1947 NAIA men's basketball tournament
- Teams: 32
- Finals site: Municipal Auditorium, Kansas City, Missouri
- Champions: Marshall (1st title, 1st title game, 1st Final Four)
- Runner-up: Mankato State (1st title game, 1st Final Four)
- Semifinalists: Arizona State-Flagstaff (1st Final Four); Emporia State (1st Final Four);
- MVP: Irvin Leifer (Eastern Washington)

= 1947 NAIA basketball tournament =

College basketball tournament

The 1947 NAIA National Tournament was held in March at Municipal Auditorium in Kansas City, Missouri. The 10th annual men's basketball tournament of what is now the National Association of Intercollegiate Athletics (NAIA) featured 32 teams playing in a single-elimination format.

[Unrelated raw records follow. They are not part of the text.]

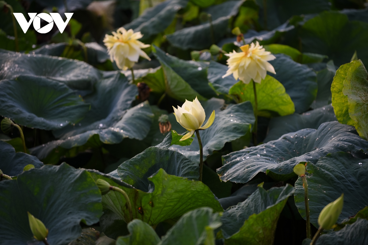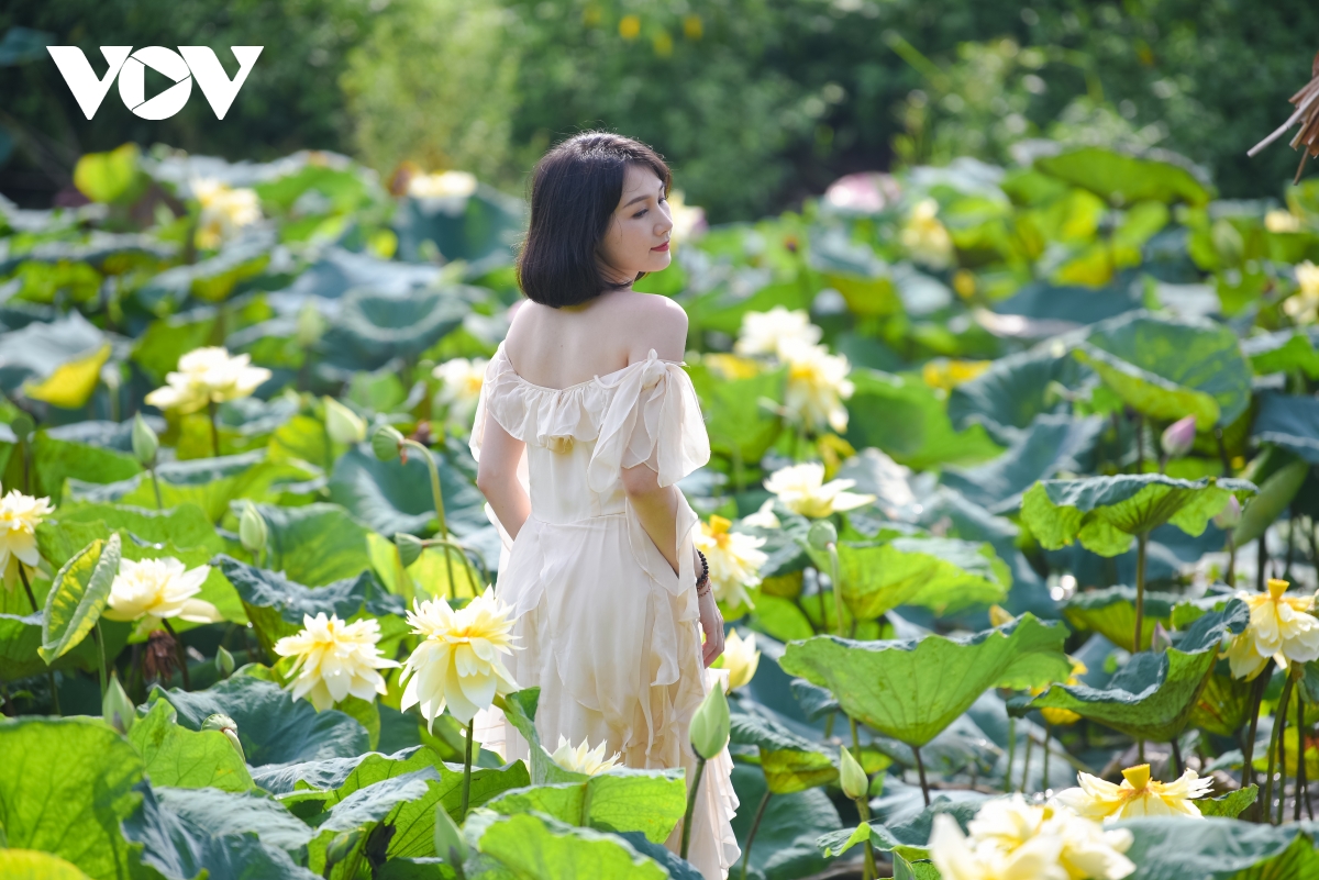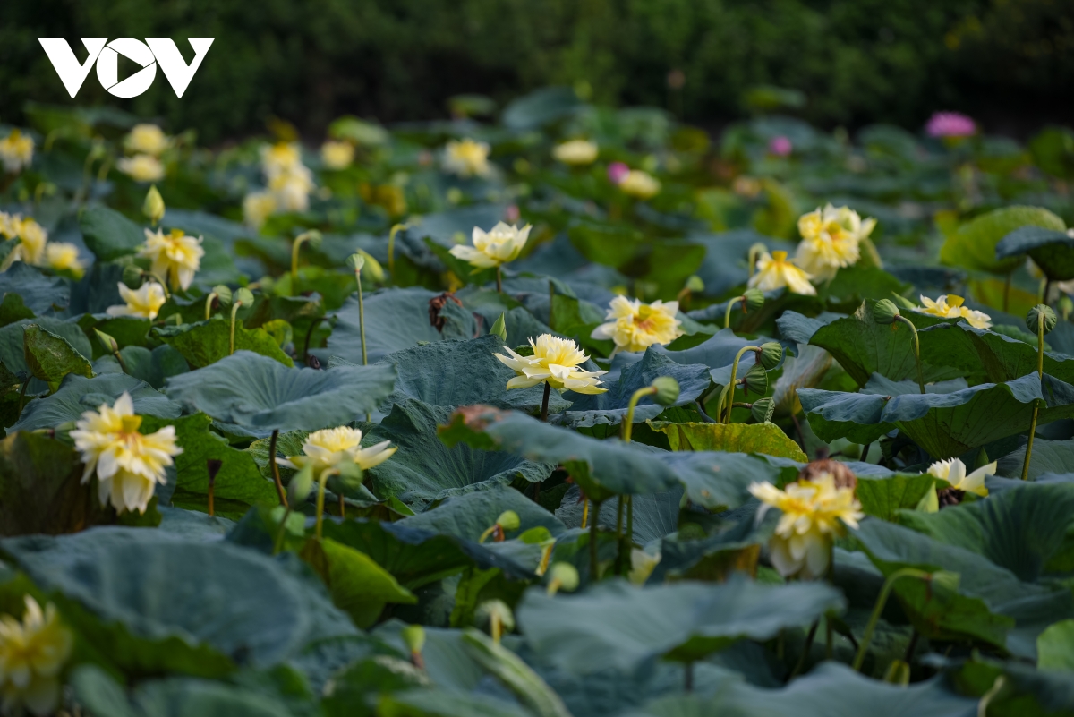 Năm nay, ngoài những giống sen đã quen thuộc như sen hồng, sen trắng, đầm hoa sen vàng tại Thanh Oai, Hà Nội cũng là điểm hút khách đến thăm quan, chụp ảnh. |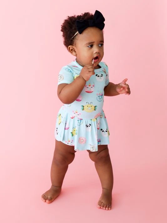 From the Donuts Collection. This short-sleeved bodysuit in a cartoon-inspired donut print features a twirl skirt detail.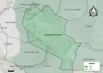 L’inventaire des zones naturelles d'intérêt écologique, faunistique et floristique (ZNIEFF) a pour objectif de réaliser une couverture des zones les plus intéressantes sur le plan écologique, essentiellement dans la perspective d’améliorer la connaissance du patrimoine naturel national et de fournir aux différents décideurs un outil d’aide à la prise en compte de l’environnement dans l’aménagement du territoire. Deux ZNIEFF de type 1[Note 2] sont recensées sur la commune[13] : les « rochers de St-Peyre et d'Aiguières » (171 ha), couvrant 3 communes du département[14], et la « serre du Mont Bouquet » (497 ha), couvrant 3 communes du département[15] et une ZNIEFF de type 2[Note 3],[13] : le « plateau de Lussan et Massifs Boisés » (37 159 ha), couvrant 40 communes du département[16].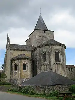 Über der Vierung erhebt sich der gedrungene, quadratische Glockenturm, der mehrfach erneuert wurde. In der zweigeschossigen und durch Strebepfeiler gegliederten Apsis öffnen sich oben fünf von Archivolten und schlanken Säulen gerahmte Rundbogenfenster. Unter den mittleren drei Fenstern verläuft jeweils eine Reihe von vier hohen Blendarkaden, die auf Pilastern aufliegen, deren Kapitelle mit Blütenknospen, stilisierten Blättern und einem Stierkopf verziert sind. Die Arkadenbögen sind wie die Pilaster mit Knospen verziert. Die Kragsteine unter dem Dachansatz sind vor allem mit unterschiedlichen Tier- und Menschenköpfen skulptiert. Querhaus und Chor sind mit Kalksteinplatten gedeckt.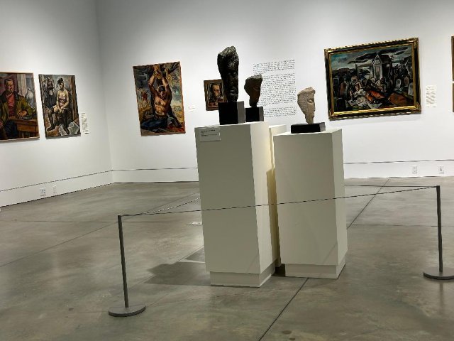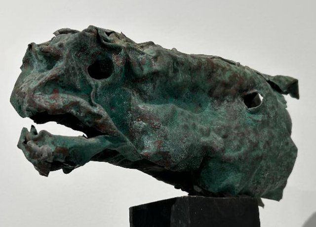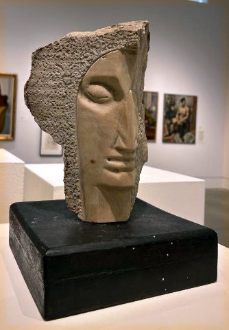 There were examples of sculpture but what we viewed is uncompelling. The jury is still out on this aspect of the oeuvre. There is an anguished horse’s head in hammered bronze. Examples of carved stone heads compare to those of Modigliani.
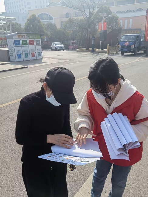志愿者们身穿红马甲,拿起长钳,在小区里的各个角落捡拾垃圾,并将捡到的垃圾进行分类装袋;有些志愿者手拿宣传单页指着一个个垃圾物品讲解,让居民掌握分类小窍门,领会垃圾分类的重要性,从而提高分类准确率,培养“绿色、低碳、环保”的理念。活动最后,志愿者们来到垃圾桶旁,将捡到的垃圾进行分类投放。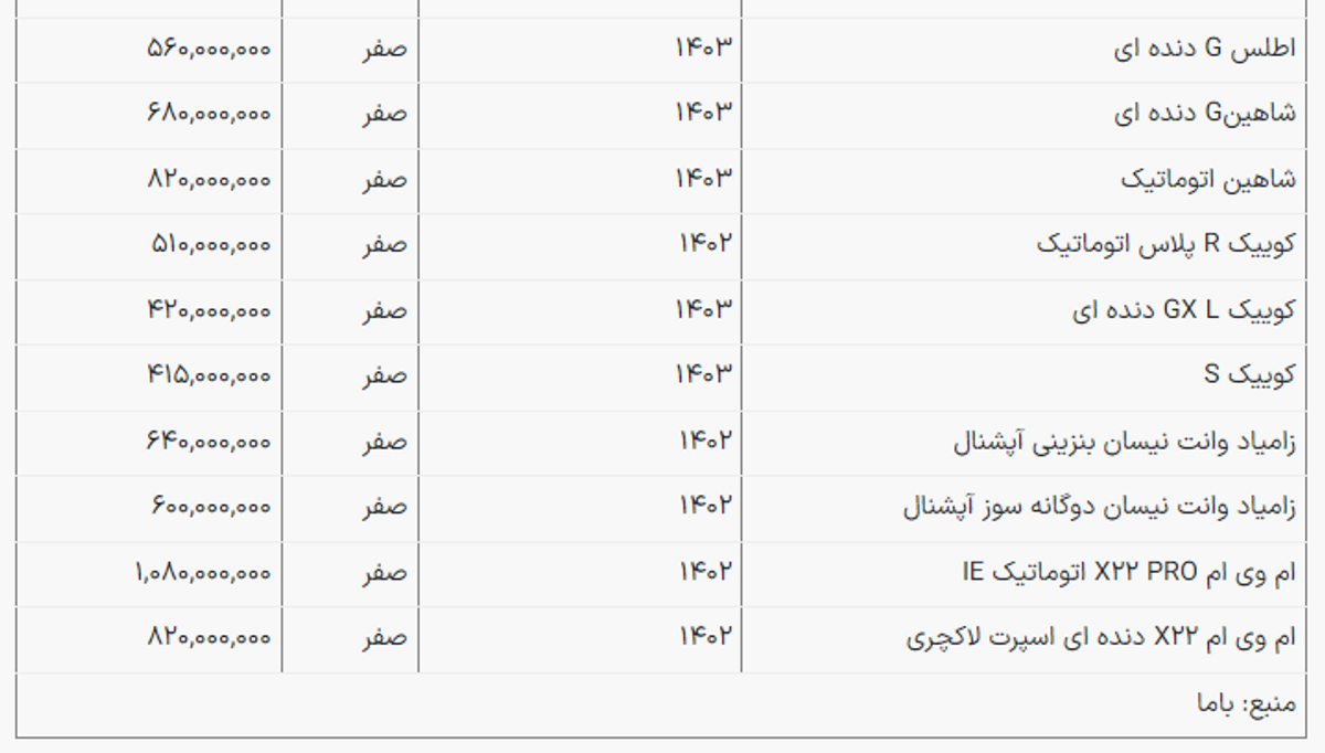 با مطالعه جدول زیر اطلاعات کاملی درباره قیمت روز خودروهای ایرانی در بازار به دست خواهید آورد.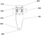 具体地,所述辅料条410的一侧可通过卡扣结构或/和锁紧结构(螺丝)连接于所述立柱100的室外侧,所述辅料条410的另一侧可通过卡扣结构或/和锁紧结构(螺丝)固定连接于所述压盖座520的内侧,所述装饰盖510罩于所述压盖座520,装配方便。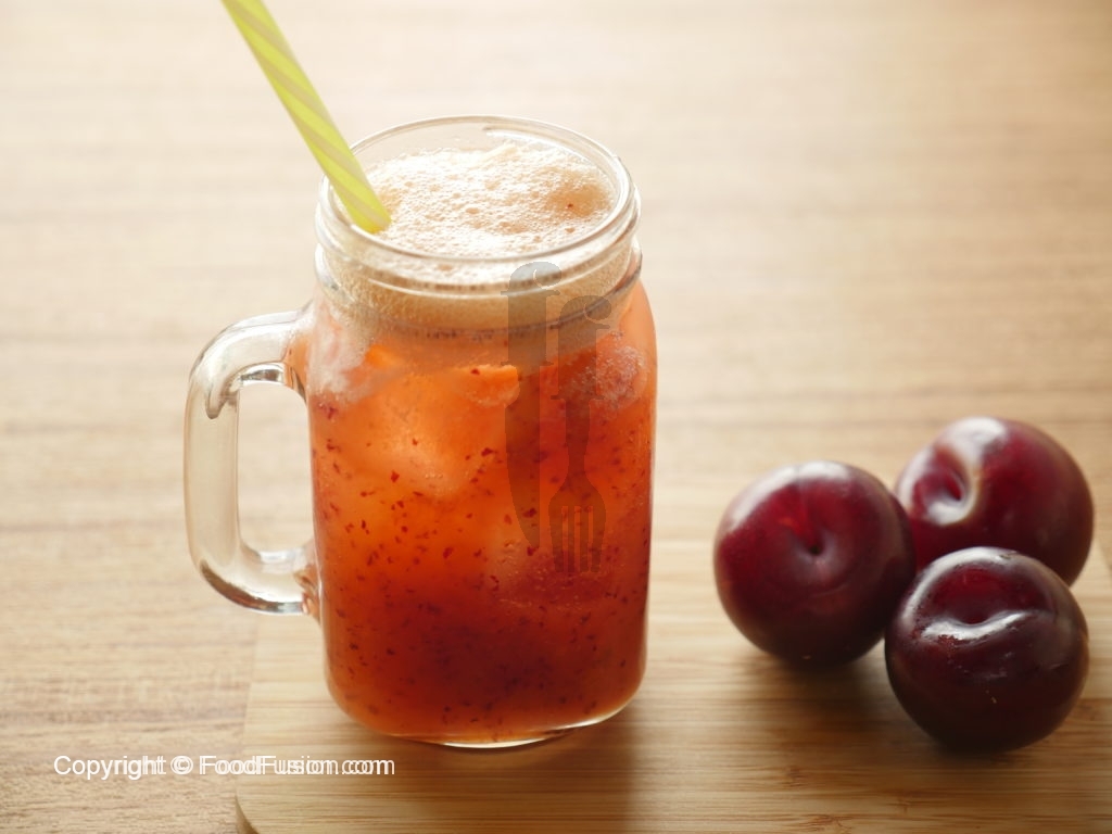 In blender,add plums,sugar,black salt,water and blend until well combined.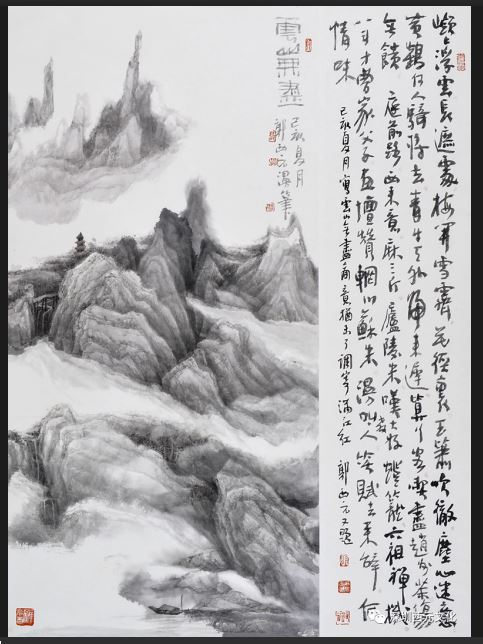 其中拉伸方式,亦可回归郭先生之《雲山无尽》,请共读右边隔水所题《满江红》一首之前五句,“岭上浮云长遮处,梅开雪霁,花径里,玉箫吹彻,尘心迷意”。在郭先生这片不见一株梅,不见一条径,更不可能听见一声箫的云山之中,郭先生欲清我辈的“尘心迷意”,问其何能为之?明日续读此画与此首《满江红》,再说。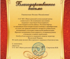 ГАУ КО «Мантуровский комплексный центр социального обслуживания населения» выражает сердечную благодарность благотворительному фонду «Русская Береза» за оказанную благотворительную помощь в приобретении стульев для граждан пожилого возраста и инвалидов, посещающих отделение социальной реабилитации. Примите искреннюю благодарность за неравнодушное отношение к нашим проблемам. Особую благодарность выражаем нашему куратору Филатовой Марине.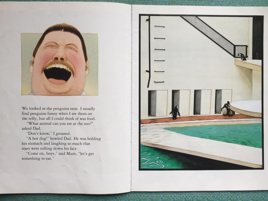 At the zoo in Anthony Browne's book, the family stops at a café to have lunch.

It would be the first time since 1945 the NAIA Semifinalist would feature four new teams. Becoming the 3rd tournament to do so, and a feat that would not be repeated until 1965.

The championship game featured Marshall defeating Mankato State, 73–59. The third place game featured Arizona State-Flagstaff, now Northern Arizona, defeating Emporia State, 47–38.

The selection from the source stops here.